April 17, 1945
When Roosevelt College was founded in 1945, segregation dominated higher education. Many private universities limited the number of Jewish, Catholic and black students they accepted. To screen out “undesirable” applicants, they required photos, personal interviews or the names of all four grandparents on applications.
One exception was the Central YMCA College in Chicago. The school enrolled a diverse group of 2,240 men and women and called itself “liberal in spirit.” By the 1940s, however, college president Edward Sparling began to clash with the Y over admissions quotas and discrimination.
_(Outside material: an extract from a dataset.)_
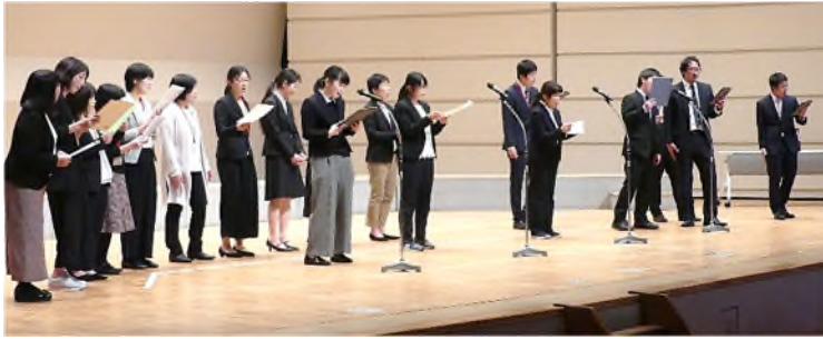
▲先生方から歌のプレゼント！熱唱に拍手喝さい！！

保護者の皆様におかれましては、新型コロナウイルス感染拡大防止のため、無観客での開催と PTA 合唱の中止にご理解ご協力いただきましてありがとうございました。今回、合唱コンクールの様子を業者に収録していただきました。後日、希望者の方に音楽著作権処理を行った DVD の販売をご案内する予定で準備を進めています。詳細は、後日案内文書を配布します。

When the board told Sparling to prepare a racial and religious census of the student body, he refused, saying, “We don’t count that way.” The board demanded Sparling’s resignation and, in April 1945, 62 faculty members resigned with him in a historic walkout. Students also voted 448 to 2 in favor of separation.
Sparling and his supporters planned a new school — initially called Thomas Jefferson College — that would offer admission and equal rights to any qualified student. President Franklin Roosevelt had died on April 12 and two weeks later the school was renamed Roosevelt College.
At a time when most American professors were white male Protestants, Roosevelt assembled one of the most diverse faculties in the country. About 1,200 students began classes at Roosevelt College in September 1945. The next year, Roosevelt acquired the famed Auditorium Building on Michigan Avenue. Five thousand students, from military veterans to new high school graduates, registered for classes in the fall of 1947.
An act of courage had created, as one journalist wrote, “a model of democracy in higher education.”